We currently are enrolling for a class that starts May 19th, 2015.Get more information here. These are limited engagement classes.
I love Photography Books, and have a wall of them waiting for me when I have some quiet time and simply want to stimulate my brain. From early works of Steichen and Cunningham to books by Demarchelier and Watson, the photography book is one of my great loves.
There was a moment a few years ago when I thought the era of photo books was coming to an end. But lately so many great books are coming on the market that it gives me renewed hope that they will stay with us for a long while.
“These four images come from a larger selection of images that I recently shot for The Cheese Lover’s Cookbook, so the common thread is, of course, cheese. The cookbook author made most of the food, and we worked together to style the shots—and sample the food. Bonus. I was grateful that Don had said over and over “Shoot to layout!” because I had the sense to ask for image size. Finding out the images were expected to fill an 8×9 page was extremely helpful—limiting, but helpful.
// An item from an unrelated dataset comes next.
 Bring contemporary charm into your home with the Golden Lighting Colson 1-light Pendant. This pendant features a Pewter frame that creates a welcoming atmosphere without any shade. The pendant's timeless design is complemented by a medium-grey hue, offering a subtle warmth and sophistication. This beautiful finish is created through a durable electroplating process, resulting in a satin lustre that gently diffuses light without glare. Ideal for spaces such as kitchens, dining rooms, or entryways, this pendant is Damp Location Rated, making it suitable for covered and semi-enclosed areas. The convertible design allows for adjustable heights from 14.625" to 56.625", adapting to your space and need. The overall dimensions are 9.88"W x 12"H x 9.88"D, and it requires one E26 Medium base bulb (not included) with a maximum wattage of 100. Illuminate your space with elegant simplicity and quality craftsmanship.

This set is probably not as personal as Don had expected for this final assignment, but I’m submitting them because they represent something important to me—my first paying commercial photography assignment. At the beginning of Project 52, Don had said he hoped everyone would get at least one paying commercial gig before the Project was over. I was pretty sure I was going to be the exception because I had so much more to learn than everybody else. Surprise! I got a gig. And it kicked my butt…but I learned a lot.”
“This project grew out of some recent discussions about drawing inspiration from anyone, anything, and everything around you. I admit, I drew a lot of inspiration for this idea from Irene Liebler’s series she did across last year of Common and Idiomatic Phrases – Feet To The Fire, Leaving The Nest, and so on. I thought that idea would be something I could do in my own style. I love her work, but I don’t see the world the way she does, and that’s a Good Thing™. I love that, having seen it week in and week out, we can all take the same subject and come up with completely different results.
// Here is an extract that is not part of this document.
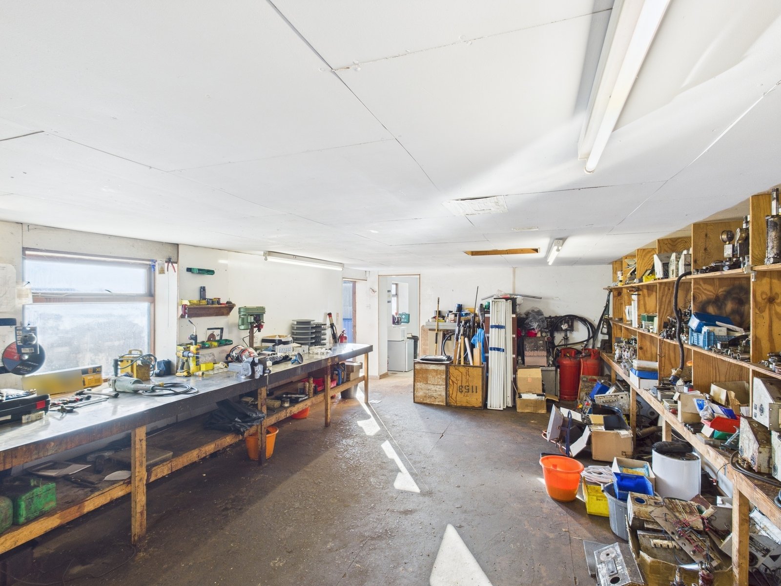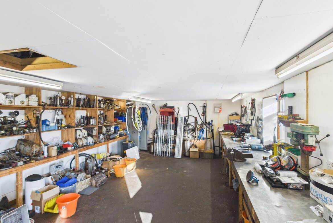 The warehouse with double access doors and workshops provides a range of open plan accommodation suitable for a variety of commercial uses.

I am doing this idea of taking old proverbs, common phrases, and idioms because it will lead to some interesting photographic possibilities, and be expandable far beyond a 5-10 shot series. I like this personal project for me, specifically, because those possibilities can extend through all of the artistic forms I enjoy working with, from portraits to still life, composites, and a whole lot of concept work. Heh, concept work: This was the area I really wanted to concentrate on for this last P52 project, as I see it as needing the most development in my own artistic growth going forward.
I absolutely love these images. From composition through framing and of course the patina, they are simply lovely.
“Mervyn O’Gorman was 42 when he took these pictures of his daughter, Christina O’Gorman at Lulworth Cove, in the English county of Dorset. He photographed Christina wearing a red swimming costume and red cloak, a colour particularly suited to the early color Autochrome process. “
“I chose to make a series of portraits of a single person. I chose this project because I am very interested in everything that constitutes a person as it is important to me to capture who a person is not just a pretty picture. I photographed parts of the subject, which progressively make up the most of the entire individual but never completely. We made many images and it was difficult to limit the choices and parts to create a whole person. Is it just parts of the body, personal interests or a combination of both? I changed my choices a hundred times as she also loves reading, writing and hot chocolate. Choosing an editing style was also difficult because finding a style that suited all the images was a challenge. I feel like I captured a part of her being – attractive, edgy, confident, private, and capable… We shot outdoors at different times over a couple day to maximize the effects of the sun. I brought strobes and flashes but only ended up using the sun and reflectors.”